AmazonEventBusOptions<TMarker> inherits Savvyio.Extensions.SimpleQueueService.EventDriven.AmazonEventBusOptions and adds IDependencyInjectionMarker<TMarker>. Like the queue options wrapper, it keeps the lower-level AWS configuration model intact while binding the options to a marker type.

Basic usage

using System;
using System.IO;
using Amazon;
using Amazon.Runtime;
using Codebelt.Extensions.Xunit;
using Microsoft.Extensions.DependencyInjection;
using Savvyio;
using Savvyio.Commands;
using Savvyio.Extensions.DependencyInjection;
using Savvyio.Extensions.DependencyInjection.Messaging;
using Savvyio.Extensions.DependencyInjection.SimpleQueueService;
using Savvyio.Extensions.DependencyInjection.SimpleQueueService.Commands;
using Xunit;

namespace MyProject.Tests;

public class AmazonCommandQueueRegistrationTests : Test
{
    public AmazonCommandQueueRegistrationTests(ITestOutputHelper output) : base(output) { }

    [Fact]
    public void AddAmazonCommandQueue_WithMarker_RegistersTypedChannelAndOptions()
    {
        var services = new ServiceCollection();
        services.AddMarshaller<NoOpMarshaller>(_ => new NoOpMarshaller());
        services.AddAmazonCommandQueue<OrdersQueueMarker>(options =>
        {
            options.Credentials = new AnonymousAWSCredentials();
            options.Endpoint = RegionEndpoint.EUWest1;
            options.SourceQueue = new Uri("urn:queue:orders");
        });

        using var provider = services.BuildServiceProvider();
        var channel = provider.GetRequiredService<IPointToPointChannel<ICommand, OrdersQueueMarker>>();
        var configure = provider.GetRequiredService<Action<AmazonCommandQueueOptions<OrdersQueueMarker>>>();
        var configured = new AmazonCommandQueueOptions<OrdersQueueMarker>();
        configure(configured);

        TestOutput.WriteLine($"Resolved channel: {channel.GetType().Name}");
        TestOutput.WriteLine($"Configured queue: {configured.SourceQueue}");
        Assert.IsType<AmazonCommandQueue<OrdersQueueMarker>>(channel);
        Assert.Equal("urn:queue:orders", configured.SourceQueue.OriginalString);
    }

    private readonly struct OrdersQueueMarker;

    private sealed class NoOpMarshaller : IMarshaller
    {
        public Stream Serialize<TValue>(TValue value) => Stream.Null;
        public Stream Serialize(object value, Type inputType) => Stream.Null;
        public TValue Deserialize<TValue>(Stream data) => throw new NotSupportedException();
        public object Deserialize(Stream data, Type returnType) => throw new NotSupportedException();
    }
}

Use this pattern when you want a marker-specific AWS command queue registered once and resolved through Savvy I/O dependency injection abstractions.

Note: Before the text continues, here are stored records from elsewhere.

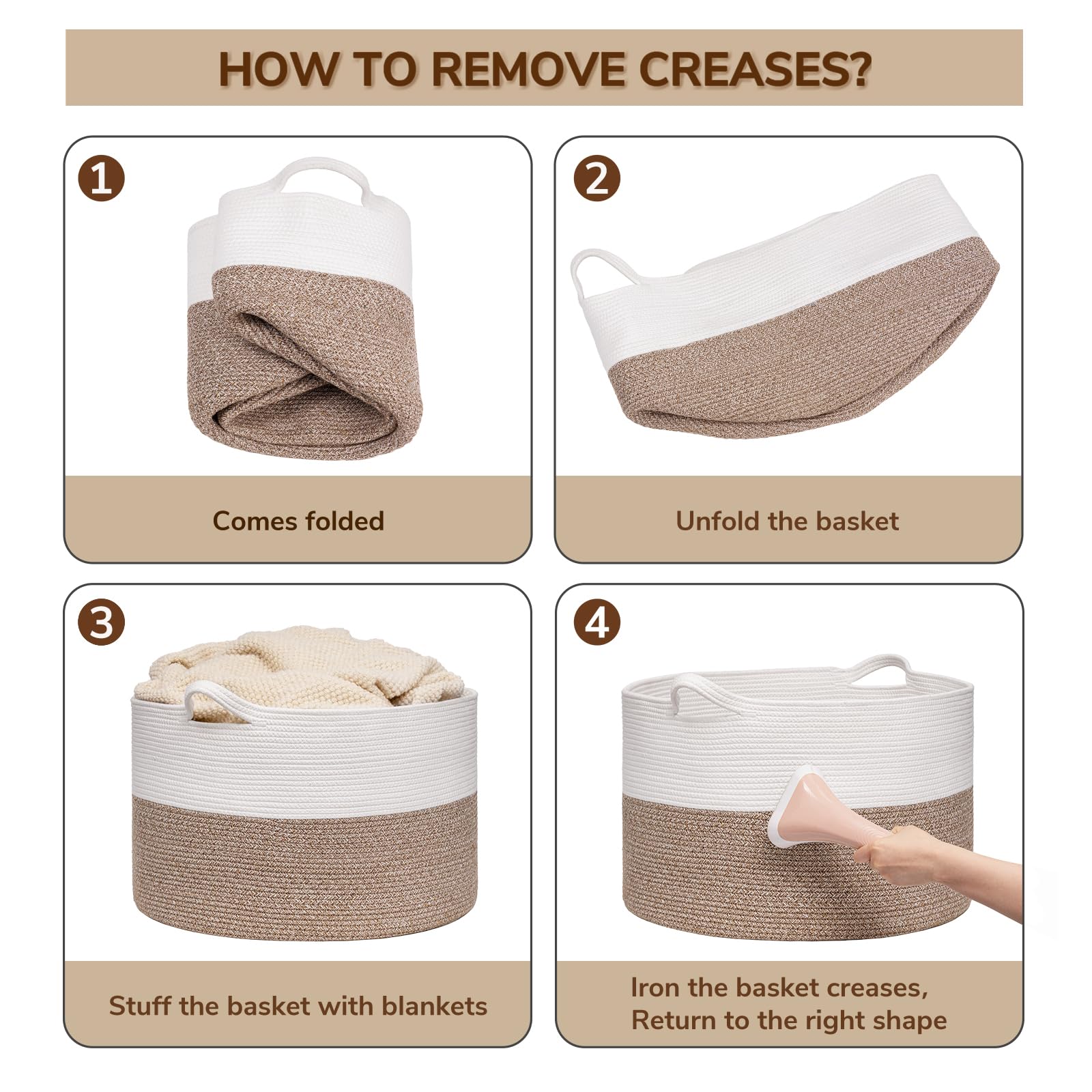 Note. This large storage bin is folded in shipping. It will turn back to its round shape quickly by filling it with towels or blankets, and ironing is a great idea to regain the creases
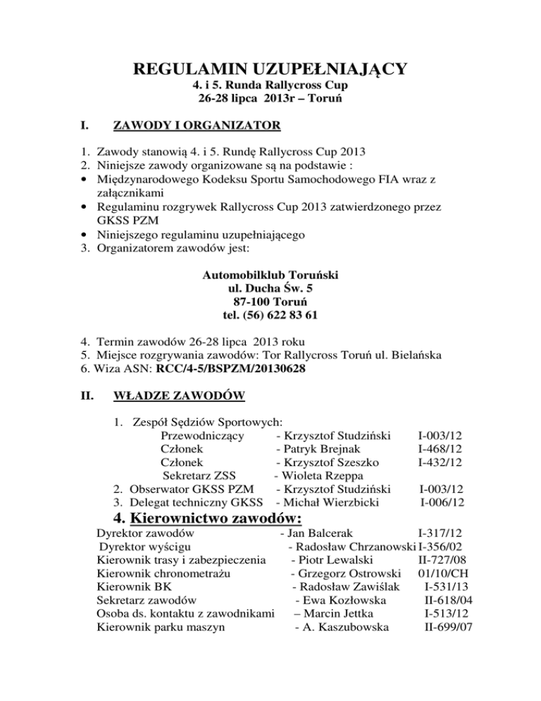 REGULAMIN UZUPEŁNIAJĄCY 4. i 5. Runda Rallycross Cup 26-28 lipca 2013r – Toruń I. ZAWODY I ORGANIZATOR 1. Zawody stanowią 4. i 5. Rundę Rallycross Cup 2013 2. Niniejsze zawody organizowane są na podstawie : • Międzynarodowego Kodeksu Sportu Samochodowego FIA wraz z załącznikami • Regulaminu rozgrywek Rallycross Cup 2013 zatwierdzonego przez GKSS PZM • Niniejszego regulaminu uzupełniającego 3. Organizatorem zawodów jest: Automobilklub Toruński ul. Ducha Św. 5 87-100 Toruń tel. (56) 622 83 61 4. Termin zawodów 26-28 lipca 2013 roku 5. Miejsce rozgrywania zawodów: Tor Rallycross Toruń ul. Bielańska 6. Wiza ASN: RCC/4-5/BSPZM/20130628 II. WŁADZE ZAWODÓW 1. Zespół Sędziów Sportowych: Przewodniczący - Krzysztof Studziński Członek - Patryk Brejnak Członek - Krzysztof Szeszko Sekretarz ZSS - Wioleta Rzeppa 2. Obserwator GKSS PZM - Krzysztof Studziński 3. Delegat techniczny GKSS - Michał Wierzbicki I-003/12 I-468/12 I-432/12 I-003/12 I-006/12 4. Kierownictwo zawodów: Dyrektor zawodów - Jan Balcerak I-317/12 Dyrektor wyścigu - Radosław Chrzanowski I-356/02 Kierownik trasy i zabezpieczenia - Piotr Lewalski II-727/08 Kierownik chronometrażu - Grzegorz Ostrowski 01/10/CH Kierownik BK - Radosław Zawiślak I-531/13 Sekretarz zawodów - Ewa Kozłowska II-618/04 Osoba ds. kontaktu z zawodnikami – Marcin Jettka I-513/12 Kierownik parku maszyn - A. Kaszubowska II-699/07 Komisarz ds. ochrony środowiska Lekarz zawodów III. – Stanisław Marasek - TBA PROGRAM ZAWODÓW Piątek: 16:00 16:00 16:00-20:00 16:00-21:00 20.00 Sobota: 08:00 09:00-09:45 09:45 10:15 10:30-11:15 11:30 12:00 Otwarcie Biura Zawodów Otwarcie Parku Maszyn Odbiór Administracyjny Badanie Kontrolne I posiedzenie ZSS (część pierwsza) (analiza i sprawdzenie dokumentów zawodów) Otwarcie Biura Zawodów Trening Wolny I posiedzenie ZSS (część druga) Obowiązkowa Odprawa z zawodnikami /kierowcami Trening Oficjalny II posiedzenie ZSS I kwalifikacja 15 minut po I kwalifikacji - II kwalifikacja 15 minut po II kwalifikacji - III kwalifikacja III posiedzenie ZSS 16:00 Finały 15 min po Finałach – Bieg Handicap IV posiedzenie ZSS 17:30 Wręczenie nagród 18:00-20:00 Badanie Kontrolne dla V Rundy RCC Niedziela: 08:00 Otwarcie Biura Zawodów 09:00-09:45 Trening Wolny 09;45 I posiedzenie ZSS 10:15 Odprawa z zawodnikami /kierowcami 10:30-11:15 Trening Oficjalny 11:30 II posiedzenie ZSS 12:00 I kwalifikacja 15 minut po I kwalifikacji - II kwalifikacja 15 minut po II kwalifikacji - III kwalifikacja III posiedzenie ZSS 16:00 Finały 15 min po Finałach – Bieg Handicap IV posiedzenie ZSS 17:30 Wręczenie nagród IV. POSTANOWIENIA OGÓLNE 1. Wszystkich zawodników / kierowców obowiązuje całkowity zakaz treningów na torze poza wyznaczonymi godzinami, jak również na terenie dróg dojazdowych i parku maszyn, pod rygorem kary finansowej do wykluczenia z zawodów włącznie. 2. Treningi wolne zostaną zorganizowane wg harmonogramu zawodów. Będą miały formę wyjazdu na 3 okrążenia toru. W czasie przeznaczonym na trening wolny, ilość wyjazdów dowolna. 3. Na zawodniku / kierowcy spoczywa obowiązek prawidłowego wypełnienia zgłoszenia oraz umieszczenia w serwisie Inside PZM kompletu wymaganych, aktualnych dokumentów (określonych w pkt. 8.1.4. Regulaminu RCC). Dokumenty umieszczone na Inside PZM będą udostępnione do wglądu organizatorom zawodów PZM w celu zweryfikowania ich przed OA. Formularz zgłoszenia wypełnia zawodnik/kierowca wyłącznie przez stronę internetową zgloszenia.pzm.pl dostępną na www.inside.pzm.pl. Po prawidłowym wypełnieniu, dołączeniu potwierdzenia wpłaty wpisowego i zatwierdzeniu zgłoszenie zostanie automatycznie wysłane pocztą elektroniczną do danego organizatora oraz do zawodnika na wskazany przez niego w formularzu adres e-mail. Zgłoszenie będzie przyjęte tylko i wyłącznie po opłaceniu wpisowego. 4. Zgłoszenia www.inside.pzm.pl 5. Terminy zgłoszeń: • 1 termin zgłoszeń upływa z dniem: 11.07.2013 • 2 termin zgłoszeń upływa z dniem: 19.07.2013 6. Wysokość wpisowego na rundę Rallycross Cup wynosi: dla zawodników prywatnych w I terminie dla zawodników prywatnych w II terminie za zespół sponsorski od każdego kierowcy w I terminie za zespół sponsorski od każdego kierowcy w II terminie Jedna runda 400,- PLN Dwie rundy 600,- PLN 600,- PLN 800,- PLN 60,- PLN 100,- PLN 80,- PLN 150,- PLN 7. Podział na Grupy / Klasy: Grupa AWD - Klasa Supercars – samochody z napędem na 4 koła zgodne z Regulaminem FIA CEZ Rallycross Championship 2013; dopuszczone są auta z utraconą homologacją, (lub auta , w których wygasła homologacja) - Klasa Proto – auta z napędem na 4 koła zgodne z Regulaminem Rallycross Cup (Zał. nr 1 Regulamin Techniczny Grupy H dla regulaminu Rallycross Cup). Min. waga (łącznie z kierowcą i jego wyposażeniem) zgodnie z Art. 279 Załącznika J do MKS (zwanego dalej Zał. J). Dla klas Grup Supercars oraz Proto z silnikami doładowanymi, dla silników wolnossących obowiązuje przelicznik zgodny z art. 252.3.1 do 252.3.5 Zał. J. +1600-2000 cm3 = 1100 kg; +2000-2500 cm3 = 1130 kg; +2500-3000 cm3 = 1210 kg; +3000-3500 cm3 = 1300 kg; +3500-4000 cm3 = 1380 kg Grupa Super1600 Samochody z napędem na przednią oś, zgodne z art. 279 Zał. J dopuszczone są dopuszcza się auta z wygasłą homologacją, Grupa SuperNationals Samochody z napędem na 2 koła, również z utraconą homologacją o pojemności skokowej silnika do 4000 cm3, zgodne z Regulaminem Dywizji SuperNationals dla FIA CEZ Rallycross Championship 2013, lub Regulaminu Technicznego Grupy H dla Rallycross Cup 2013, lub Art. 254 Zał. J (Grupa N). Podział na klasy pojazdów z Grupy SuperNationals - Pojazdy Grupy H (pojazdy Grupy SuperNationals spełniające ww. wymagania inne niż Art. 254 Zał. J dla Grupy N oraz Art. 260 Zał. J. dla Grupy R) podzielone będą według pojemności skokowej (przeliczeniowej) silnika na poniższe klasy: Klasa H0 do 652 cm3
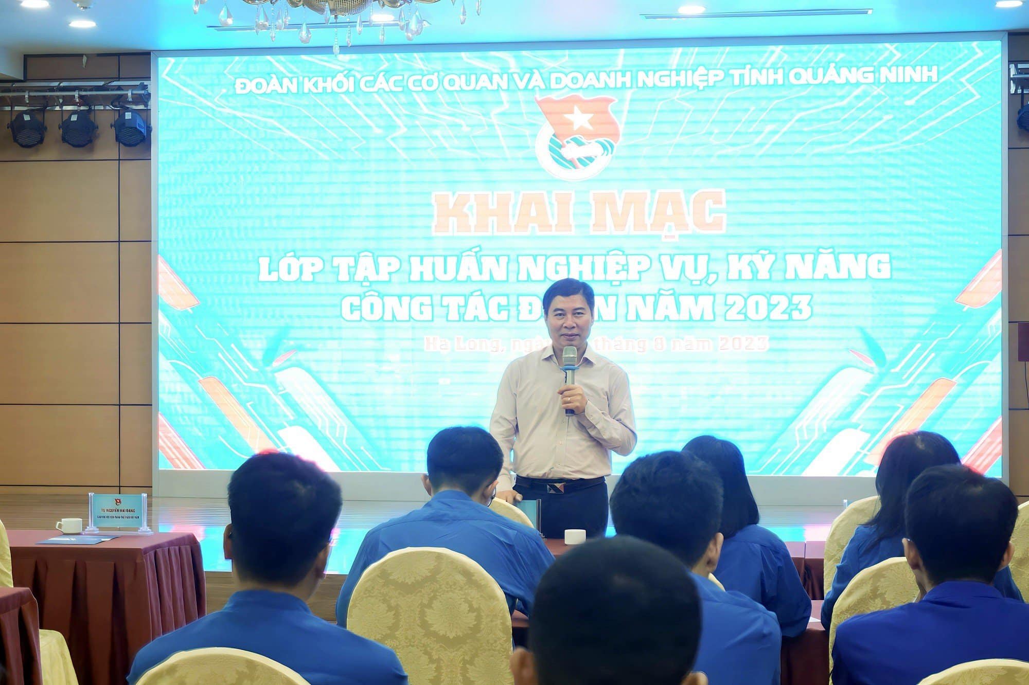 Phát biểu tại lễ khai giảng đồng chí Hoàng Văn Hải – Ủy viên BCH Trung ương Đoàn, Bí thư Tỉnh đoàn Quảng Ninh nhấn mạnh công tác bồi dưỡng chức danh Bí thư Đoàn cơ sở trong bối cảnh hiện nay rất quan trọng, nhằm đào tạo đội ngũ cán bộ Đoàn có kiến thức về lý luận và thực tiễn, đáp ứng yêu cầu trong tình hình mới, đặc biệt là sau khi Đại hội cấp cơ sở vừa diễn ra. Thông qua những kiến thức được học, học viên sẽ rút ra những bài học cho bản thân, mang những kiến thức đã học phục vụ thiết thực trong công tác Đoàn và phong trào thanh thiếu nhi của từng đơn vị. Với tầm quan trọng đó, đòi hỏi mỗi cán bộ Đoàn cấp cơ sở phải phấn đấu không ngừng, luôn cập nhật cái mới, xu thế phát triển, hấp dẫn và thu hút thanh thiếu nhi, để hoạt động Đoàn trở thành môi trường lành mạnh, có tác động giáo dục sâu rộng đến mọi đối tượng thanh thiếu nhi tại cơ sở. Đồng thời, đồng chí cũng đề nghị các đồng chí Ban Tổ chức lớp học nắm rõ số lượng học viên, sỹ số, giờ giấc tham gia của học viên; các đồng chí giảng viên với trách nhiệm, tâm huyết của mình truyền đạt những kiến thức và những kinh nghiệm quý báu của mình tới lớp tập huấn, dành thời gian hợp lý trao đổi cùng các học viên, giúp các học viên nâng cao kiến thức và kỹ năng hoạt động công tác Đoàn tại cơ sở. Các đồng chí học viên đảm bảo giờ giấc, chấp hành các quy định của lớp tập huấn; nghiêm túc trao đổi kinh nghiệm, tích cực tham gia các hoạt động thực hành, khảo sát thực tế do Ban tổ chức lớp quy định; vận dụng sáng tạo vào thực tiễn công tác nhằm nâng cao năng lực tổ chức họat động thực tiễn tại cơ quan, đơn vị, cơ sở.
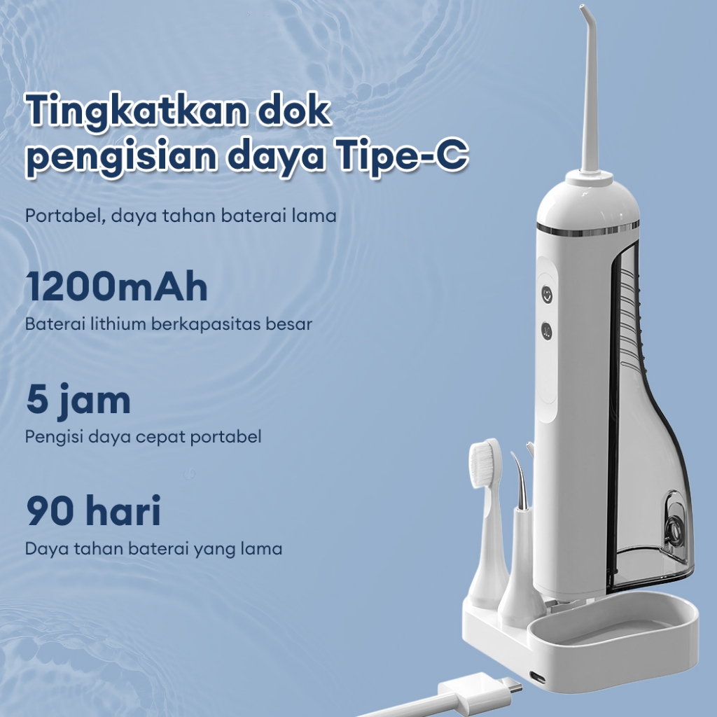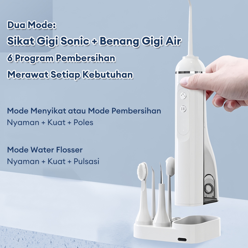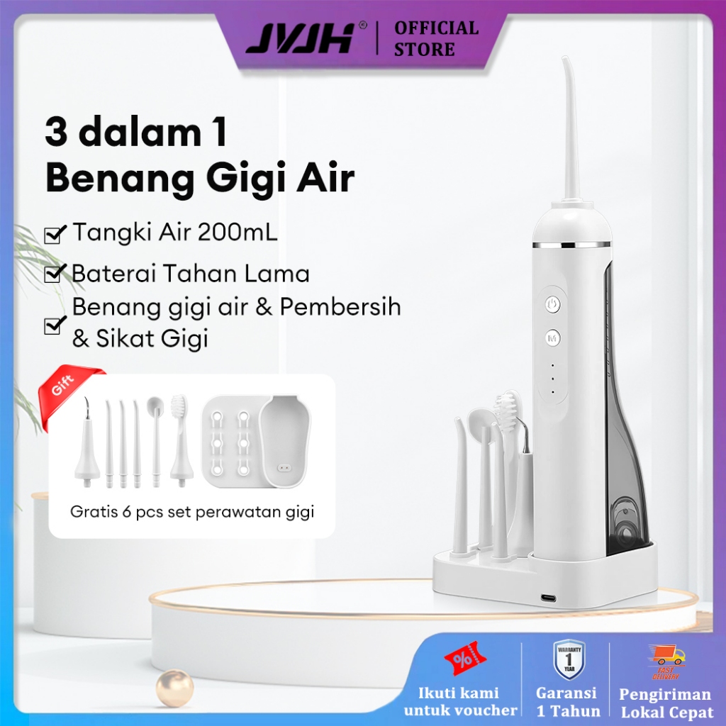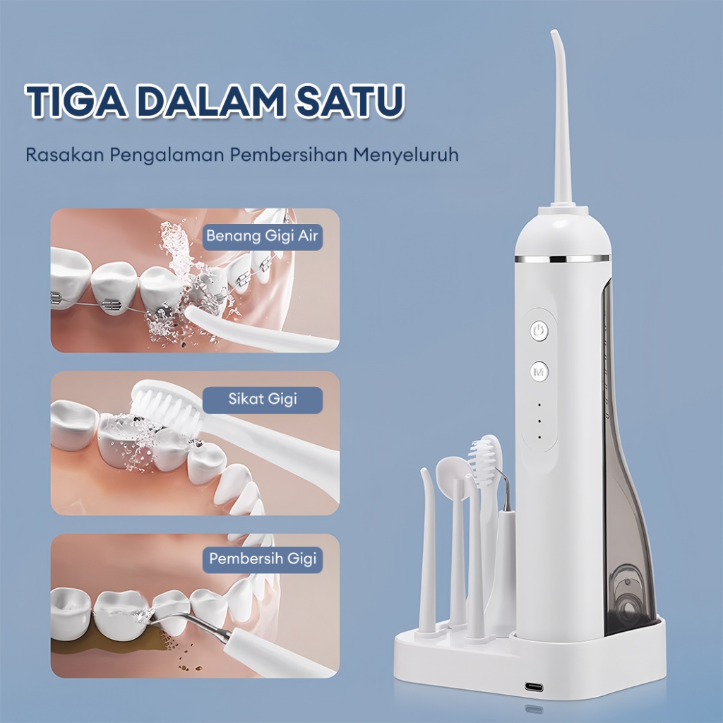 JVJH Water Floss Gigi 3 in 1 Electric Toothbrush 1200mAh Alat Pembersih Gigi 200ML Oral Care Dental Scaler DG009W
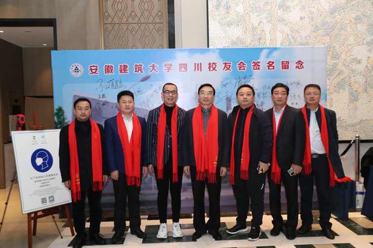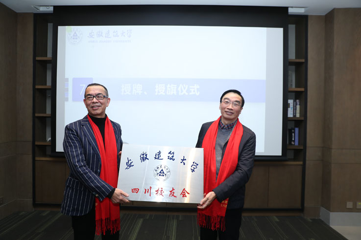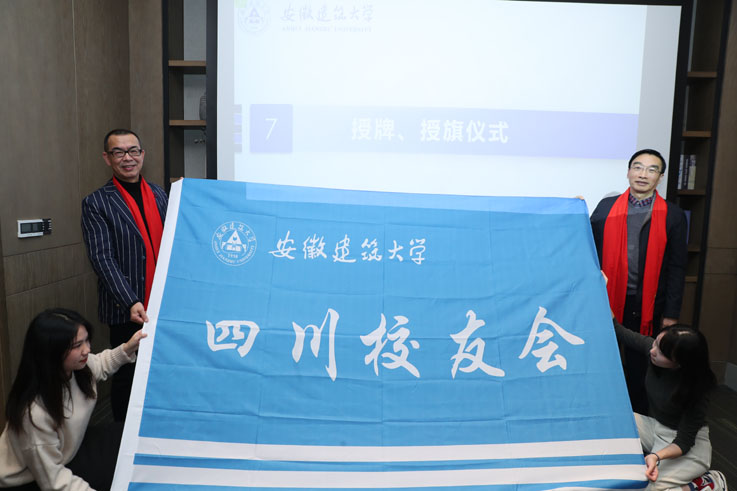 孙道胜向四川校友会授“安徽建筑大学四川校友会会牌、会旗”。
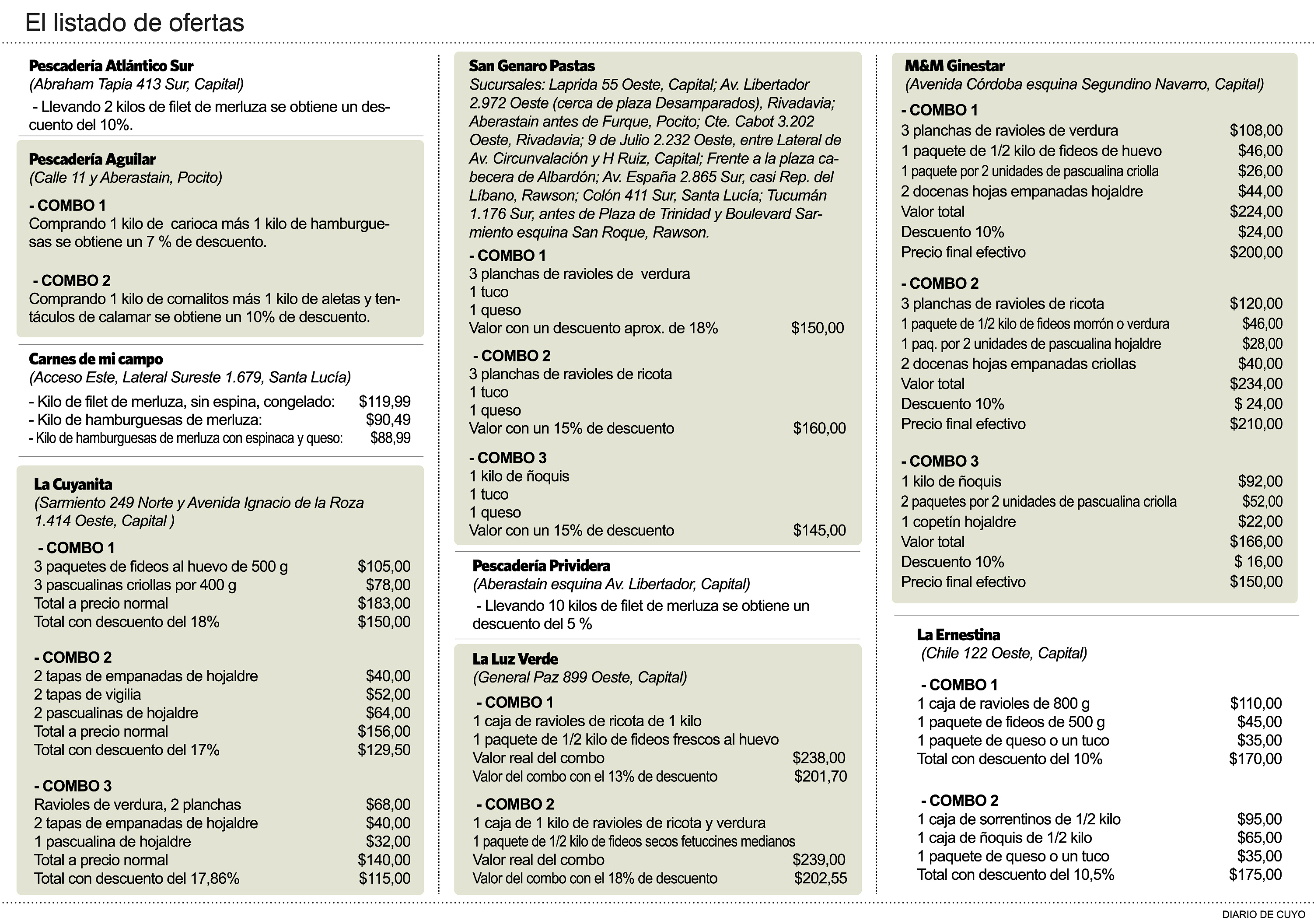 Para esta Semana Santa y por segundo año consecutivo, la canasta de Pascua incluye pescado entre las ofertas. Así las cosas, los sanjuaninos podrán adquirir combos con productos de mar con descuentos de hasta el 10% y pastas, como fideos, ravioles, ñoquis y discos para empanadas, con rebajas de hasta el 18%. También hay promociones con frutas y verduras.
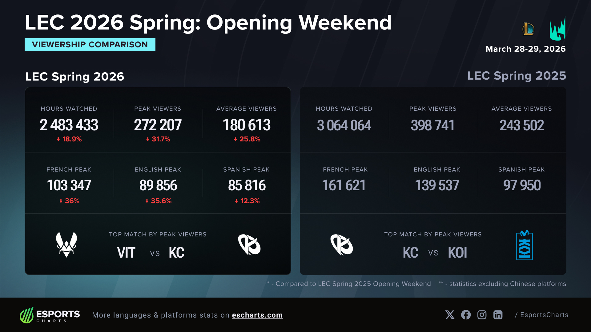 D'après Esports Charts, deux raisons majeures peuvent plus ou moins expliquer cette chute. La première serait du à l'absence de la structure Los Ratones. L'équipe avait ramené un public anglophone massif au Winter Split et boosté les statistiques globales. Son départ laisse un énorme vide que les équipes habituelles n'arrivent pas à combler. Le calendrier a aussi joué un rôle clé. Le LEC a fait l'impasse sur G2 Esports (et accéssoirement Shifters) pour cette première semaine, les champions du monde en titre benefissiant d'une semaine de vacances supplémentaire suite à leur participation au First Stand. Depuis plusieurs saisons, G2 reste le plus gros moteur de viewership de la ligue et son absence fait mécaniquement plonger les moyennes. Un rebond est logiquement attendu avec le retour de ces équipes la semaine prochaine, mais le LEC va devoir prouver qu'il peut maintenir des audiences solides sur la durée sans dépendre d'une seule équipe, comme G2, ou d'un phénomène éphémère, comme Los Ratones.
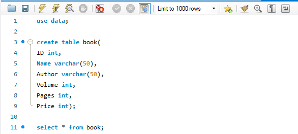 In the query area of schema’ data,’ create a table ‘book’ using the schema by ‘use’ command. Make sure to use the same names for the file and its fields as used in the CSV file. After that, select the create query to be executed and tap on the flash button. The new table ‘book’ will be created in the database’ data.’
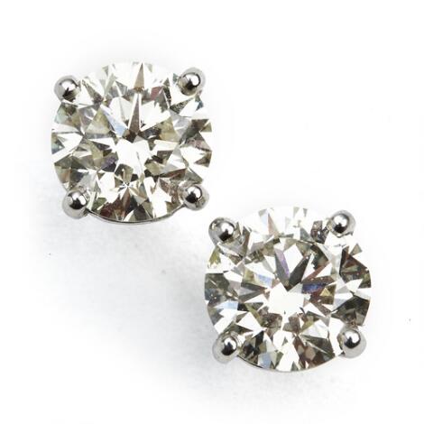 A pair of diamond ear studs each set with a brilliant-cut diamond weighing a total of app. 4.04 ct., mounted in 18k white gold. K/VS-SI.

It matters because the package binds the AWS queue settings into the container and exposes the transport through the marker-specific command channel contract.

Installation

dotnet add package Savvyio.Extensions.DependencyInjection.SimpleQueueService

Usage guidance

Use this package when your application already models commands or integration events with Savvy I/O abstractions and you want IServiceCollection to expose AWS-backed channels, especially when marker types separate multiple registrations in the same container. Register an IMarshaller before resolving these services, and configure Credentials, Endpoint, and SourceQueue because the underlying AWS options validate those values. If you do not need Microsoft DI registration or Savvy I/O channel abstractions, use Savvyio.Extensions.SimpleQueueService or the plain AWS SDK directly.